Tim and Virginia inch their way towards the open shaft and finally look down the 600-foot drop. Feeling relieved, they start to dance. Virginia suddenly slips and falls into the shaft opening, landing on an unstable rubble outcropping 40 feet down—still alive and screaming. Tim panics and goes back to the hotel to find rope, where he runs into his "old FBI friend", Clell Dooley, who had prosecuted him. Clell notices Tim when he runs out the door to go back to Virginia. When Clell and four or five other men find Tim, he is sitting near the mine shaft, delusionally believing that Virginia will return soon. Tim had seen that 40 or so feet down in the mine shaft, there was "a lump", like a rock sticking out and nothing else. Tim asks the men if they have seen Virginia; they carry him off, presumably to jail.

==Characters==

- Tim Sunblade/Kenneth McLure, escaped con
- Virginia/Jennie, once a high-priced escort in New York City, fled when the ring of crime bosses she was with got caught
- Jeepie, one of Tim's partner-in-crimes in prison
- Thompson, the other of Tim's partners
- Eddie Arceneaux, infatuated with Virginia, he tries to seduce her to get her to leave Tim
- Loralee Arceneaux, Eddie's sister, is infatuated with Tim and tries to seduce him; works to help Eddie with Virginia
- Spano, Tim's coworker at the steel factory
- Brannigan, Tim's boss at the steel factory
- Mr. George & Mrs. Lila McDonald, a married couple, neighbors from Tim's hometown, who recognize him in New Orleans
- Nona Hickman, Tim's old girlfriend from his hometown
- Clell Dooley, Tim's "old FBI friend" who originally sent him to prison for grand theft auto
- Mamie, owner of a massage parlor and friend of Virginia, who used to work at her place
- Mr. & Mrs. Okror Shaiza, owners of the inn in Cripple Creek
- Baldy, the guard in the back of the armored truck

==Reviews==
Ed Gorman wrote "Chaze is known in pulp circles for his flawless novel Black Wings Has My Angel, which many people feel is the single best novel Gold Medal published during its heyday."

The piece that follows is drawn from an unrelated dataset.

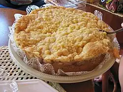 The most typical dishes of Rio Grande do Sul cuisine are churrasco, chimarrão, arroz carreteiro, fried polenta, galeto, cuca, and sagu, among others.[16][17] In the region there is a large consumption of wine, grape juice and white grape juice due to the south being the largest grape producer in the country, and artisanal cheeses and salamis.[18][19] In the region, fig, grape and peach jellies and jams are also very common. One of the most famous is chimia. The consumption of vegetables preserved in water, vinegar, sugar, salt and spices, such as beets and cucumbers, is also typical of the Southern Region.[20]
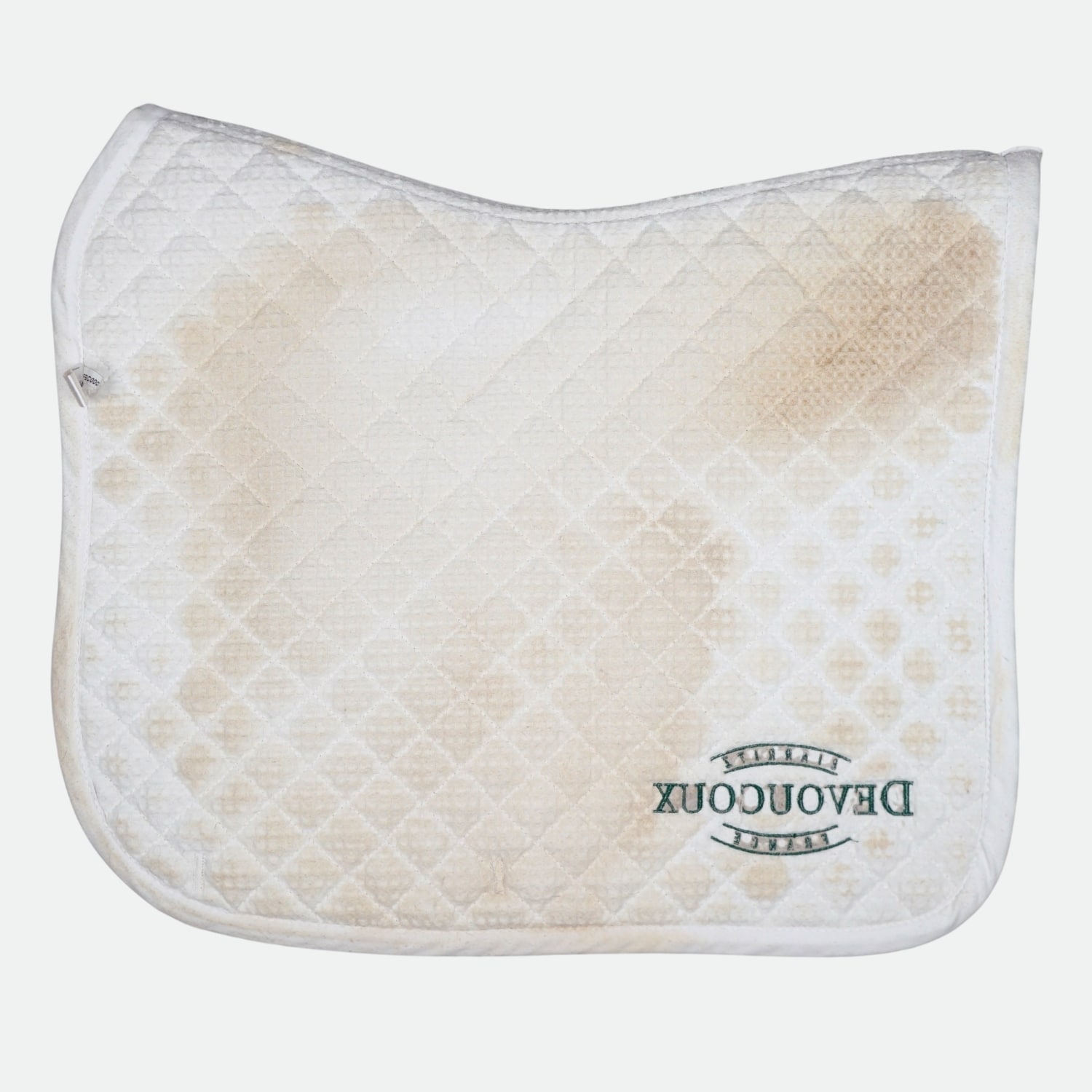 • Le tapis de dressage Blanc collectons devoucoux est un tapis de selle de forme dressage.

In his introduction to the new 2016 edition, screenwriter Barry Gifford wrote, "nothing else Chaze wrote came anywhere close to what he had accomplished on all levels in Black Wings." The book review website The Pequod rated the book a 9.5 (out of 10.0), calling it “a bleak and seedy noir masterpiece… Chaze’s hard-boiled prose is what carries the novel.” In a 2016 retrospective review, Vulture described the book as “a perfect crime novel.”

Bill Pronzini wrote that "Black Wings Has My Angel is a book that must be experienced, not read quickly for casual entertainment. It makes demands on the reader, as any piece of quality fiction does, and those demands deliver hammerblows where other noir novels provide light raps."

==Film adaptations==
Chaze sold the film rights to French director Jean-Pierre Mocky. Screenwriter Barry Gifford described his 1990 adaptation as "not very good."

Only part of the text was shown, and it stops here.